UGC 11861 is a barred spiral galaxy in the constellation of Cepheus. Its velocity with respect to the cosmic microwave background is 1334 ± 10 km/s, which corresponds to a Hubble distance of 19.68 ± 1.39 Mpc (~64.2 million light-years). In addition, three non redshift measurements give a distance of 18.933 ± 5.26 Mpc (~61.7 million light-years). The first known reference to this galaxy comes from volume IV of the Catalogue of Galaxies and of Clusters of Galaxies compiled by Fritz Zwicky in 1968, where it was listed as CGCG 343-003, and described as an "extremely diffuse spiral".

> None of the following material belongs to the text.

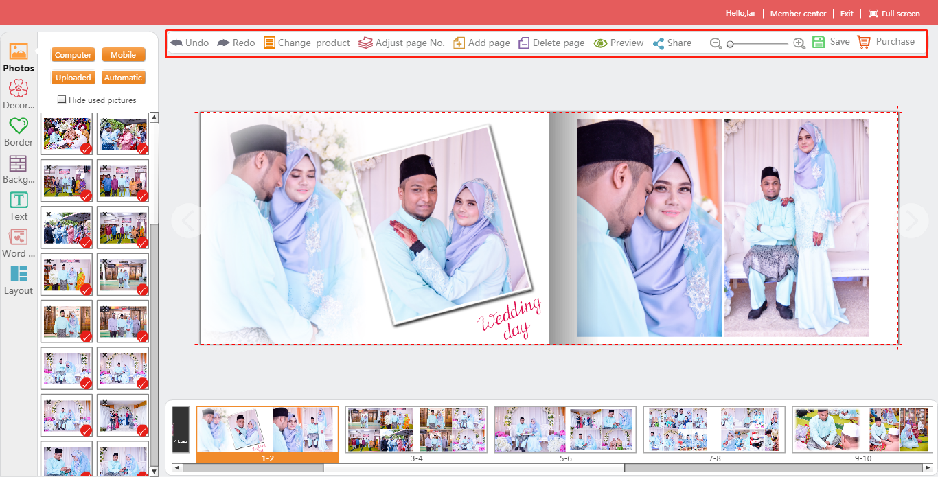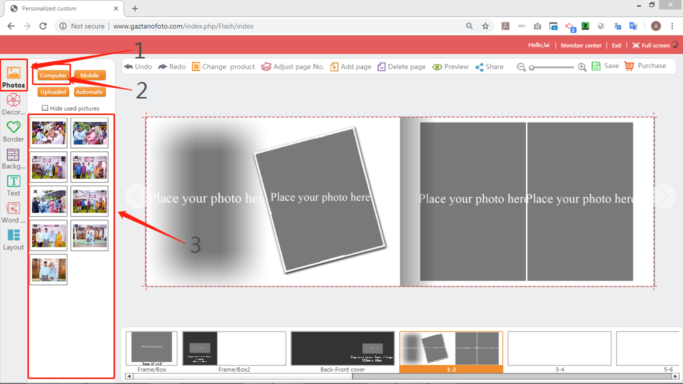 5) Click on the “Photos” button to import your photos from computer.

The SIMBAD database lists UGC 11861 as an active galaxy nucleus candidate, i.e. it has a compact region at the center that emits a significant amount of energy across the electromagnetic spectrum, with characteristics indicating that this luminosity is not produced by the stars. In addition, the galaxy contains two broad spiral arms wrapping around its central region.

== Supernovae ==
Three supernovae have been observed in UGC 11861:
- SN 1995ag (Type II, mag. 17) was discovered by Jean Mueller on 28 September 1995.
- SN 1997db (Type II, mag. 16.9) was discovered by Michael Schwartz on 2 August 1997.
- SN 2011dm (Type Ia, mag. 18.8) was discovered by the Lick Observatory Supernova Search (LOSS) on 15 June 2011.